Kleine Dinge, großer Negativeffekt für Umwelt und Natur

Fliegen, Auto fahren, Plastikverpackungen - die großen "Sünden" in Sachen Klima- und Umweltschutz haben wir oft im Blick, aber was ist mit den kleinen Alltagsgegenständen? Cosmo-Nachhaltigkeitsexpertin Shia Su erklärt, welche Dinge in unserem Alltag große negative Auswirkungen auf Umwelt und Natur haben.

Kleine Gegenstände, großer Effekt auf Umwelt und Natur

04:47 Min. Verfügbar bis 15.09.2020

COSMO: Zigarettenstummel sind überall. Die Dinger landen häufiger auf dem Boden als im Aschenbecher ...

Shia: Ja, leider landen die Dinger meistens auf dem Boden! Laut der Weltgesundheitsorganisation (WHO) werden zwei Drittel der Kippen auf den Boden geschmissen. Weltweit sind sie das am häufigsten weggeworfene Abfallprodukt. So türmen sich jedes Jahr 340 bis 680 Millionen Kilogramm Kippen auf unserem sowieso ja schon geschundenen Planeten.

Diese Menge an Müll ist aber nicht das einzige Problem an Kippen. Die Dinger sind außerdem auch giftig. Im Filter sammeln sich nämlich die giftigen Substanzen der Zigaretten, bis zu 4.000 Chemikalien! Und so reicht ein einziger Stummel, um rund 50 Liter Wasser zu vergiften. Da die Dinger auf dem Boden landen, werden diese Giftstoffe durch den Regen in den Boden und somit auch ins Grundwasser gespült.

COSMO: Bei vielen festlichen Anlässen dürfen sie für viele nicht fehlen: Luftballons! Gerade Kindern zaubern sie ein Lächeln auf das Gesicht - hui oder pfui?

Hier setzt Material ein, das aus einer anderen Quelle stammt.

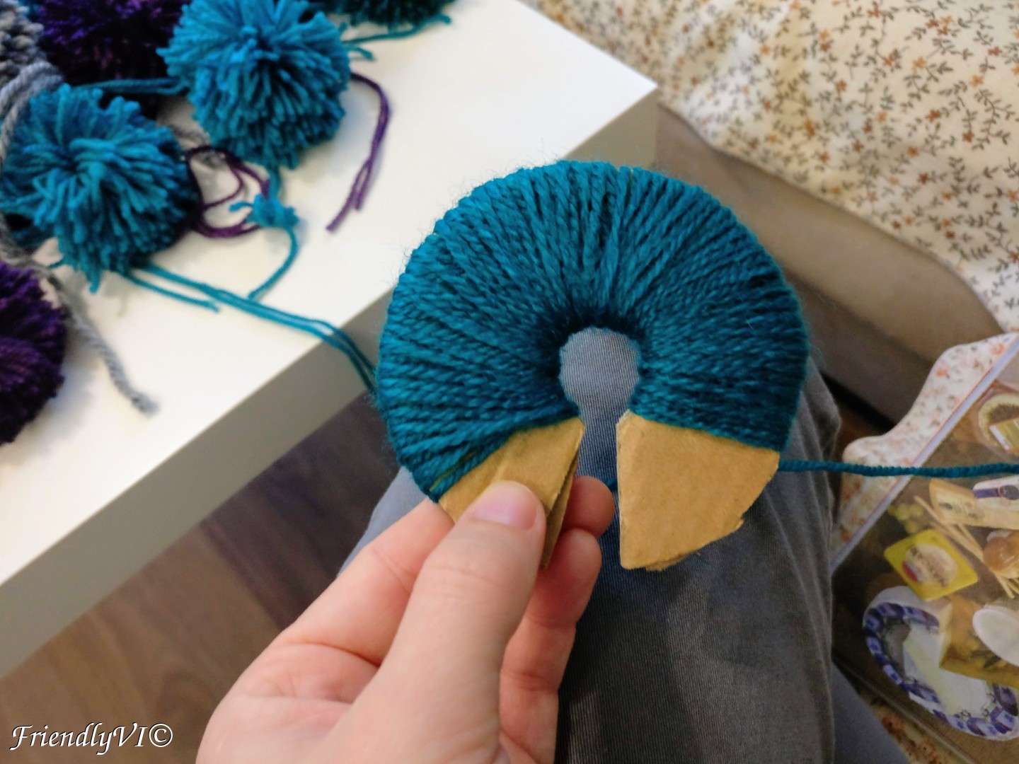 Making your own pom-pom rug is extremely time consuming, so make no mistake to be tricked into it by the sped-up gifs on the internet. However, it can be a very relaxing and meditative process. It still takes a lot of time, but the result is very satisfying and, most importantly, very fluffy.

Shia: In der Vergangenheit wurde festgestellt, dass viele Luftballons giftig sind, weil sie Höchstmengen an sogenannten Nitrosaminen überschreiten. Deswegen muss seit zehn Jahren auf Luftballonverpackungen der Hinweis "Zum Aufblasen eine Pumpe verwenden!” stehen, um den Kontakt zur Mundschleimheit zu vermeiden. Diese Belastungen sind nach neueren Untersuchungen zwar etwas besser geworden, aber gut ist leider immer noch etwas anderes.

Außerdem werden sie ja gerne mit Helium gefüllt und steigen gelassen, weil es so schön aussieht. Nur diese Schönheit kommt auch wieder herunter und landet dann als biologisch nicht abbaubarer Müll in Gewässern, auf Feldern und in der Natur. Dort stellt der Ballon-Müll eine Gefahr für Tiere dar, die sich in den Bändern verheddern, oder den Müll versehentlich essen und daran sterben.

COSMO: Die meisten Menschen spülen ihr Geschirr mit einem Spülschwamm, den man wirklich in jeder Drogerie bekommt. Womit spülst du und warum?

Shia: Wie du es schon ahnst, spüle ich nicht mit einem Spülschwamm – nicht mehr. Früher habe ich das auch gemacht, bis mir auffiel, dass dieser normale Spülschwamm ja die reinste Mikroplastikschleuder ist. Da achte ich brav bei Shampoo, Duschgel und Zahnpasta darauf, mikroplastikfreie Produkte zu verwenden und spüle aber mein Geschirr mit einem sich auflösenden Schwamm aus Kunststoff. Das war so ein Facepalm-Moment, bei dem ich dachte: Wie dämlich von mir!

Seitdem spüle ich Zuhause mit kompostierbaren Spülbürsten aus Holz mit pflanzlichen Borsten und Baumwoll-Lappen, die einfach in die Wäsche kommen und schon Jahre halten. Ich hab einfach ein altes Handtuch zerschnitten und die Seiten einmal umgenäht. Es gibt aber in Bioläden auch biologisch abbaubare Spülschwämme und auch Schwammtücher, also diese Schwamm-Lappen.